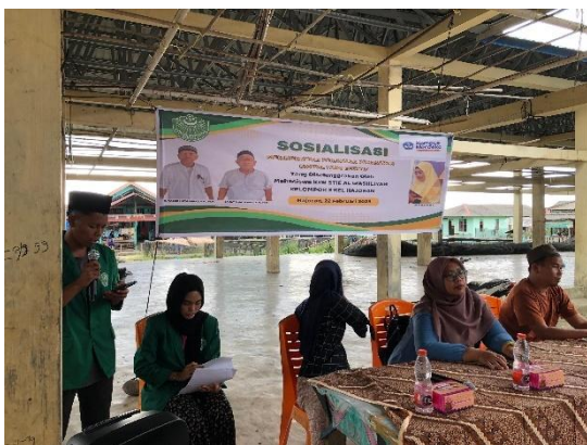
Gambar 2. Pembukaan Acara

Dengan adanya kegiatan sosialisasi ini, para warga Kelurahan Hajoran menjadi melek literasi digital. Hal ini tampak dari berbagai pertanyaan yang mereka ajukan selama sesi tanya jawab. Kegiatan ini berjalan dengan efektif, tertib dan peserta sangat antusias mengikuti setiap rangkaian acara. Untuk itu perlunya kegiatan-kegiatan pengabdian masyarakat lainnya yang megarah kepada pemberdayaan masyarakat desa melalui kelompok usaha sehingga dapat meningkatkan kesejahteraan masyarakat dan menggerakkan perekonomian desa (Kusrini, dkk; 2017) penting untuk ditindaklanjuti secara bertahap.
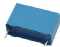
B32523Q3335J289 EPCOS (TDK) CAP FILM 3.3UF 5% 250VDC RADIAL
----------
» DIRECTIONS FOR THIS TASK
The data shown above must be printed again exactly, with no images included.

» FINAL ANSWER
Gambar 2. Pembukaan Acara

Dengan adanya kegiatan sosialisasi ini, para warga Kelurahan Hajoran menjadi melek literasi digital. Hal ini tampak dari berbagai pertanyaan yang mereka ajukan selama sesi tanya jawab. Kegiatan ini berjalan dengan efektif, tertib dan peserta sangat antusias mengikuti setiap rangkaian acara. Untuk itu perlunya kegiatan-kegiatan pengabdian masyarakat lainnya yang megarah kepada pemberdayaan masyarakat desa melalui kelompok usaha sehingga dapat meningkatkan kesejahteraan masyarakat dan menggerakkan perekonomian desa (Kusrini, dkk; 2017) penting untuk ditindaklanjuti secara bertahap.
B32523Q3335J289 EPCOS (TDK) CAP FILM 3.3UF 5% 250VDC RADIAL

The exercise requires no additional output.